Opinion Types Detected:
  • Syllabus: Court's official summary (usually 2-4 chunks)
  • Majority Opinion: Main opinion of the court (10-30 chunks depending on length)
  • Concurring Opinions: Justices agreeing with result but with different reasoning
  • Dissenting Opinions: Justices disagreeing with the majority
Section Detection:
  • Major Sections: Roman numerals (I, II, III, IV)
  • Subsections: Capital letters (A, B, C, D)
  • Smart Chunking: Preserves paragraph boundaries and legal arguments
Metadata Per Chunk:
{
  "text": "The actual chunk content...",
  "opinion_type": "majority",
  "justice": "Thomas",
  "section": "II.A", 
  "chunk_index": 3,
  "case_name": "Consumer Financial Protection Bureau v. Community Financial Services Assn.",
  "citation": "601 U.S. 416 (2024)",
  "legal_topics": ["Constitutional Law", "Administrative Law", "Appropriations Clause"],
  "constitutional_provisions": ["Art.
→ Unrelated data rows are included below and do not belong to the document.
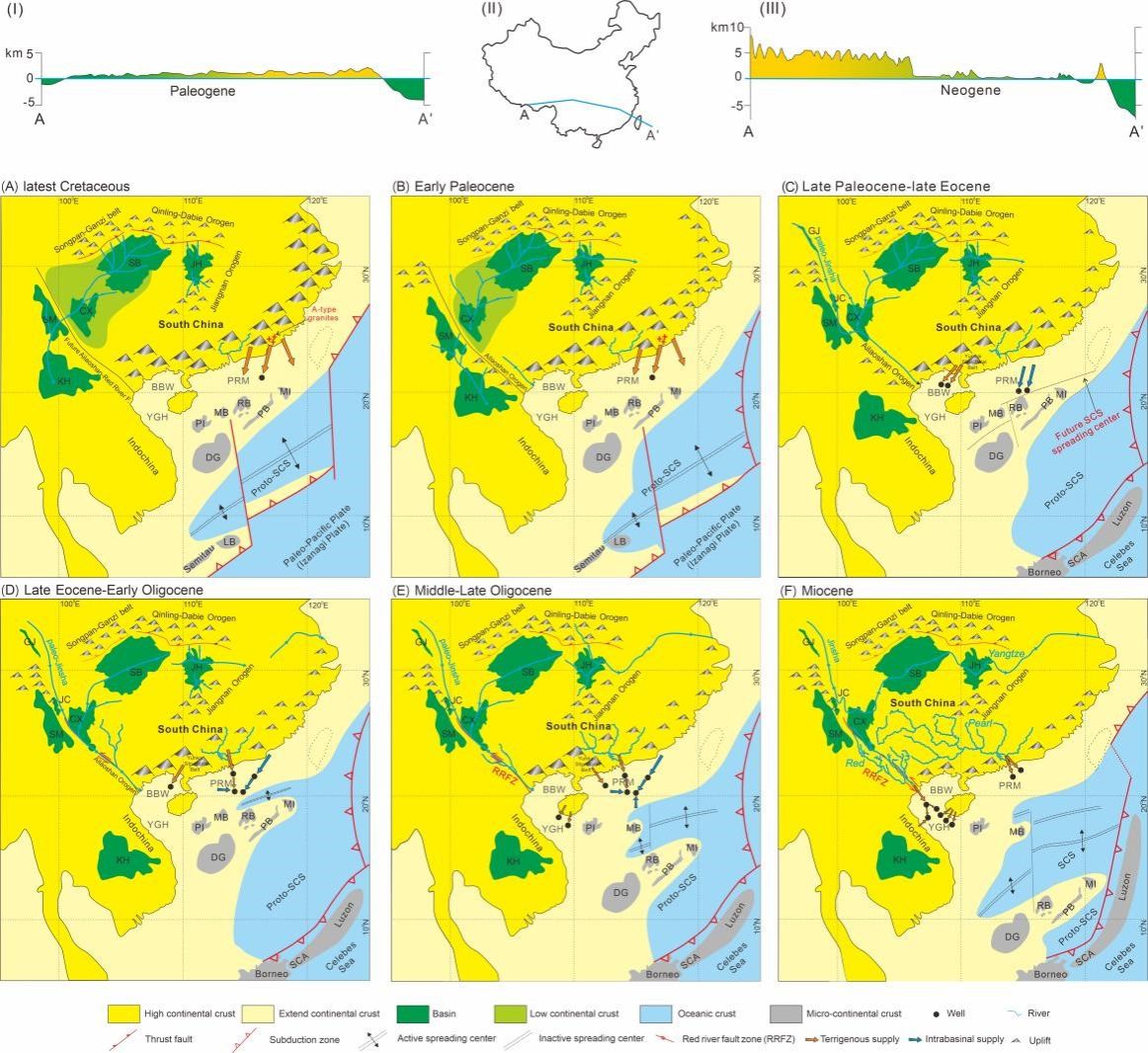 该研究基于课题组完成和文献中红河现代沉积物、源自青藏高原现代河流上游河流沉积物和内陆盆地沉积物、以及南海北部盆地钻井岩心沉积物的全岩、重矿物、Sr-Nd同位素以及碎屑锆石U-Pb定年数据,为整个东南亚的新生代水系演化提供了新的线索。研究发现,晚白垩世流经四川盆地、楚雄盆地、思茅盆地和呼拉特盆地的南向横贯大陆古河流在古近纪因区域隆升而断开。古珠江开始发源于东部,以北江和东江为主,然后逐渐向西侵蚀,最终在新近纪时期扩展到青藏高原东南部边缘。古红河在新近纪时期逐渐演化为一条大的水系,包括古金沙江和流经扬子板块西部的一条支流。在早—中中新世时期,当金沙江在第一弯被长江袭夺取后,古红河失去了来自于青藏高原的源头支流。现今的红河和珠江的水系格局在中中新世时期已经开始形成。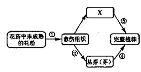 (1)图中①表示的是该花粉培养过程中的 过程,②表示的是 过程,X代表的是 。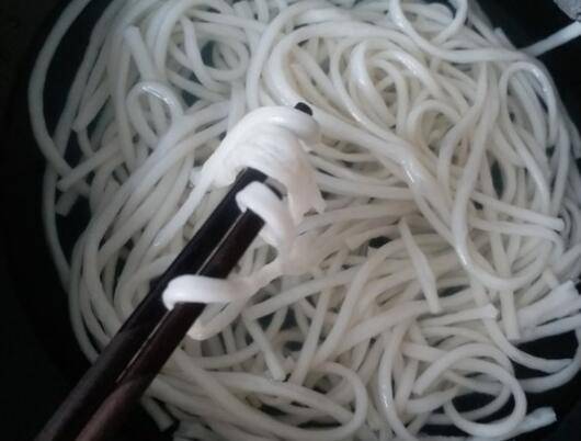 3、米线涨大一圈后就可以捞起。沥干水分待用。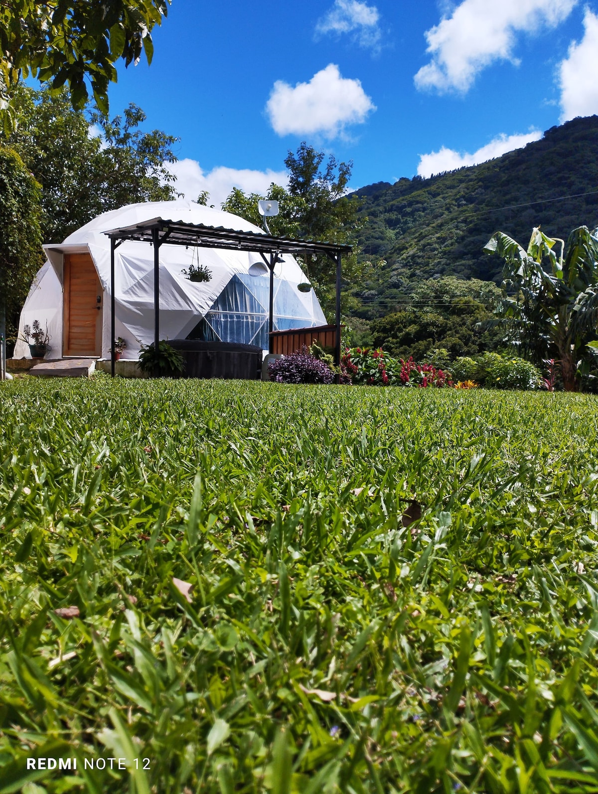Glamping Dome surrounded by nature & wildlife with panoramic mountain & ocean views. ● The areas: ☆ Parking ☆ Hammocks area ☆ Tiny pool under the trees. ☆ 1st floor terrace with kitchen, bathroom & dome ☆ 2nd floor terrace with panoramic views ● Descripción: A fully equipped kitchen with an outdoor barbecue, bathroom with rain shower & hot water, air-conditioned room, tiny pool under the trees, area with hammocks to relax, terrace with panoramic view, WIFI, private parking & security cameras.

I, ยง 9, cl. 7"],
  "statutes_interpreted": ["12 U.S.C. ยง 5497(a)(1)"],
  "holding": "Congress' statutory authorization satisfies the Appropriations Clause"
}

Processing Pipeline

  1. API Retrieval: Fetch opinion and cluster data from CourtListener
  2. Opinion Type Detection: Use regex patterns to identify different opinion types
  3. Section Parsing: Detect Roman numeral sections and lettered subsections
  4. Intelligent Chunking: Target 400-800 tokens while preserving legal structure
  5. Metadata Extraction: Use Gemini 2.5 Flash-Lite for rich legal metadata
  6. Citation Formatting: Build proper bluebook citations from cluster data
  7. Embedding Generation: Create semantic embeddings for each chunk
  8. Database Storage: Store chunks with complete metadata in ChromaDB

Government Data Sources

Supreme Court Opinions

  • Source: CourtListener API (Free Law Project)
  • Coverage: Comprehensive collection from multiple authoritative sources
  • API: https://www.courtlistener.com/api/rest/v4/

Executive Orders

  • Source: Federal Register API
  • Coverage: All presidential Executive Orders
  • API: https://www.federalregister.gov/api/v1/

Federal Legislation

  • Source: Congress.gov API (Library of Congress)
  • Coverage: Bills, resolutions, and legislative data
  • API: https://api.congress.gov/v3/

Configuration

Edit config.json to customize:

  • Government API endpoints and rate limiting
  • ChromaDB settings and collection parameters
  • Gemini API configuration for metadata generation
  • MCP server settings
  • Document type priorities and filtering

Running Tests

python -m pytest tests/

Contributing

  1. Fork the repository
  2. Create a feature branch
  3. Make your changes
  4. Add tests for new functionality
  5. Submit a pull request

Hardware Requirements

Minimum Recommended:

  • Apple M2 Pro or equivalent
  • 8GB RAM (reduced requirement due to cloud-based LLM)
  • 5GB free storage (significantly reduced due to metadata-only approach)
  • Stable internet connection for API access
  • macOS 15.5+

API Considerations

  • Rate Limits: Government APIs have usage restrictions
  • Caching: Frequently accessed documents are temporarily cached
  • Fallbacks: Multiple data sources where available
  • Reliability: Robust error handling and retry logic

License

MIT License - see file for details.

Disclaimer

This project accesses public government documents through official APIs. Users must comply with:

  • Government API terms of service
  • Rate limiting requirements
  • Appropriate use policies

The system retrieves current data from authoritative sources but users should verify critical information from primary government sources.

Support

For issues and questions:

  • Create an issue in the GitHub repository
  • Check the documentation in the docs/ folder
  • Review government API documentation for data sources

Note: This project is designed for research and educational purposes. The metadata-only storage approach ensures access to the most current government publications while maintaining cost-effective operation.